* _Prompt_: Could you print the stretch of lines below from the one with "Figure D.4 Photo" through the one with "Filling a cider hair with pulped apple", exactly as they stand and without any pictures?

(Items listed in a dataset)
====
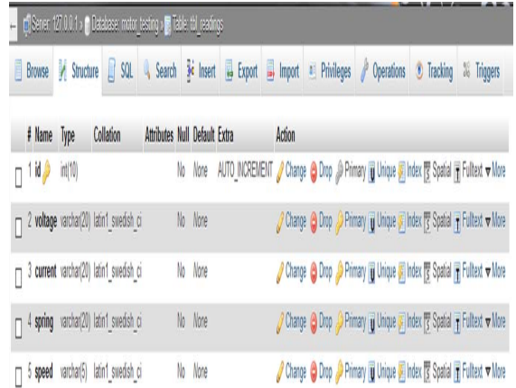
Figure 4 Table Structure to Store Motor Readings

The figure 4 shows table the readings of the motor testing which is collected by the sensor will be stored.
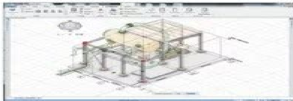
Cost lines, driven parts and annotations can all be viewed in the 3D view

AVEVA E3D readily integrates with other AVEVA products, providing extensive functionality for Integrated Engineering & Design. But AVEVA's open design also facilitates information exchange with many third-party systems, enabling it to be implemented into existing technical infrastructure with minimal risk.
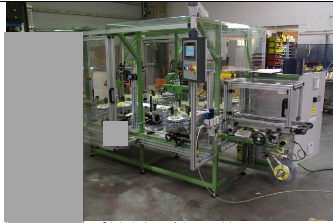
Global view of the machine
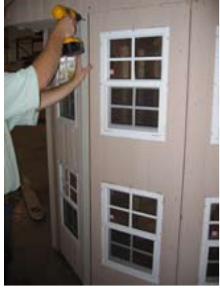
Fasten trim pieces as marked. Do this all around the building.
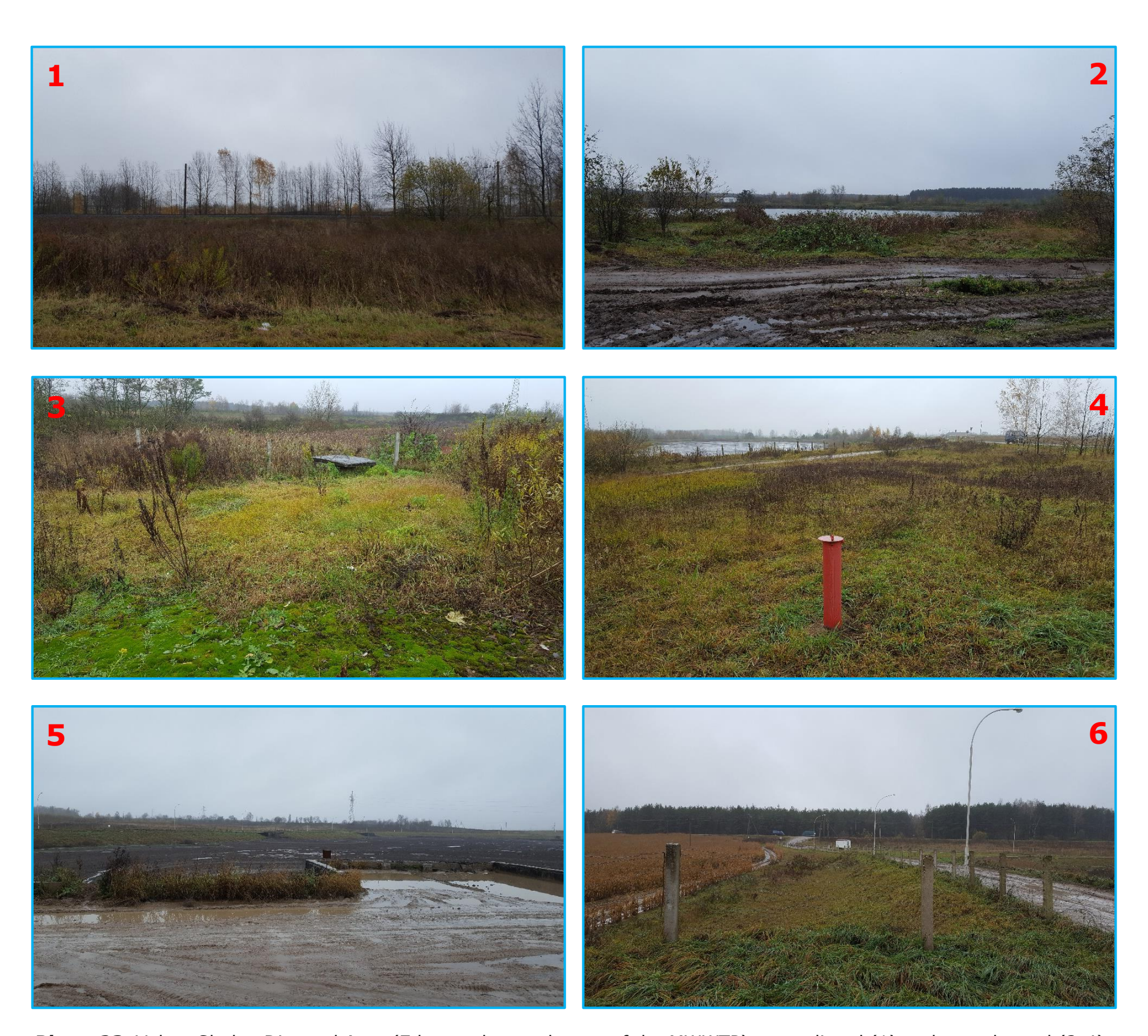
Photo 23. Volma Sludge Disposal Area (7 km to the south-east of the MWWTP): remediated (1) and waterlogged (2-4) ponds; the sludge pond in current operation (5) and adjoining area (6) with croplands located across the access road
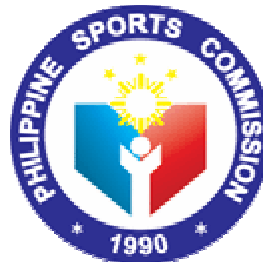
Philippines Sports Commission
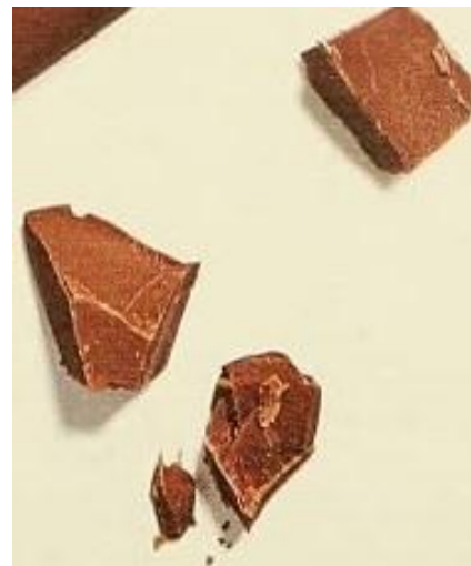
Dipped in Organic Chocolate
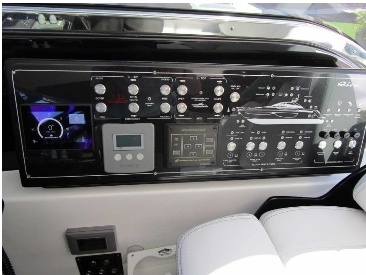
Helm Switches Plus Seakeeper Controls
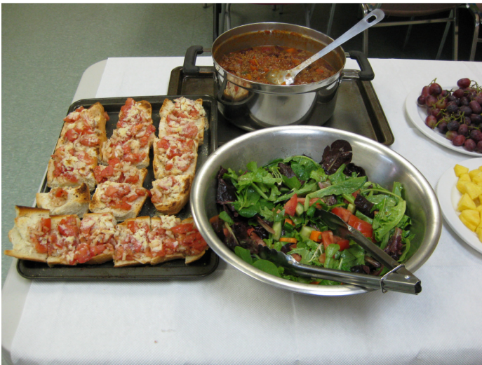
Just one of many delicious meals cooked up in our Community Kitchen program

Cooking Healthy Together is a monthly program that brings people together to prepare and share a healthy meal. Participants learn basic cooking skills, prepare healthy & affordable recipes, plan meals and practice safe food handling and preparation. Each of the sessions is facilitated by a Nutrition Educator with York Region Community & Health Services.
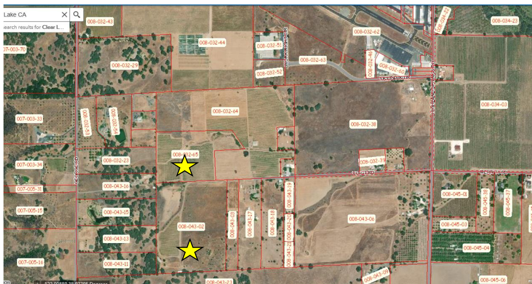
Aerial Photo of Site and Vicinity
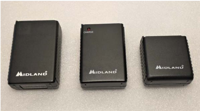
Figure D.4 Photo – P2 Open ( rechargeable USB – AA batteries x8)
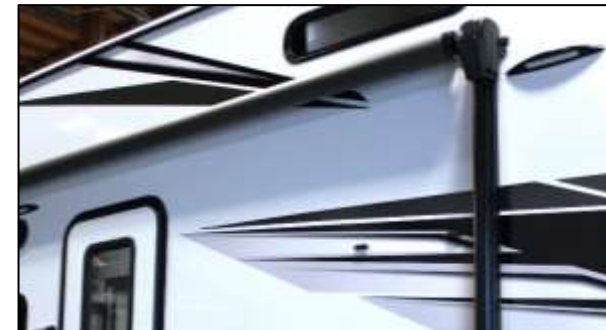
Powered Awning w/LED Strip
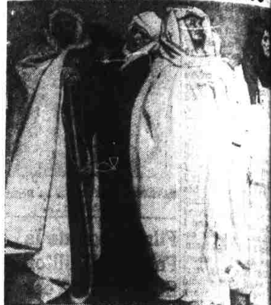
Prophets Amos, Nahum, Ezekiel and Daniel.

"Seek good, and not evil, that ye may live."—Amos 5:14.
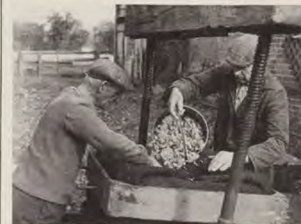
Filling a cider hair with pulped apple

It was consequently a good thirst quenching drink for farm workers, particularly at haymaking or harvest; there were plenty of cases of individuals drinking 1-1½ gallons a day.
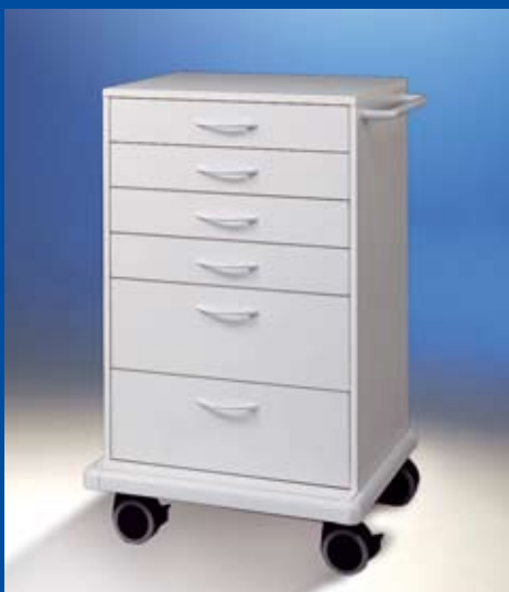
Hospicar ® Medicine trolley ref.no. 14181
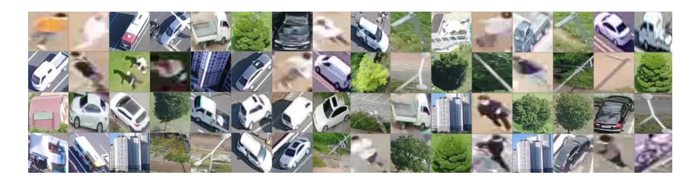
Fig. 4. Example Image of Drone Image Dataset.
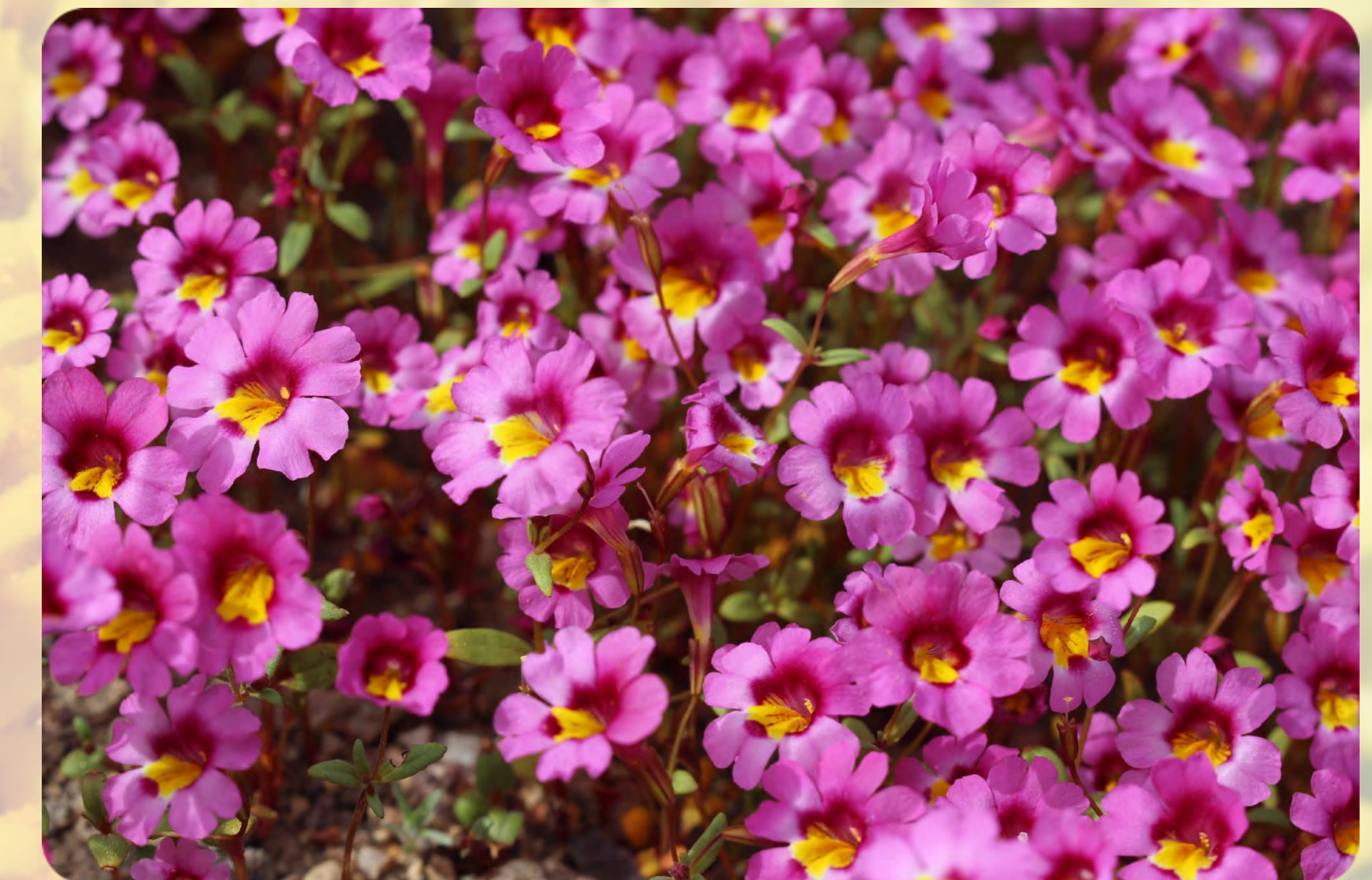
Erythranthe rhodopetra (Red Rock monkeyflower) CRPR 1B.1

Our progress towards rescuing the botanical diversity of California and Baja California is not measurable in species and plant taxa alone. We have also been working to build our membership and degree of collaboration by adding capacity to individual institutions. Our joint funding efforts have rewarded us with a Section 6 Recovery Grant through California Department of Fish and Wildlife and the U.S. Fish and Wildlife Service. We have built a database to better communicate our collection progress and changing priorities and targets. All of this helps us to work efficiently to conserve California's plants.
====
* _Response to this exercise_:
Figure D.4 Photo – P2 Open ( rechargeable USB – AA batteries x8)
Powered Awning w/LED Strip
Prophets Amos, Nahum, Ezekiel and Daniel.

"Seek good, and not evil, that ye may live."—Amos 5:14.
Filling a cider hair with pulped apple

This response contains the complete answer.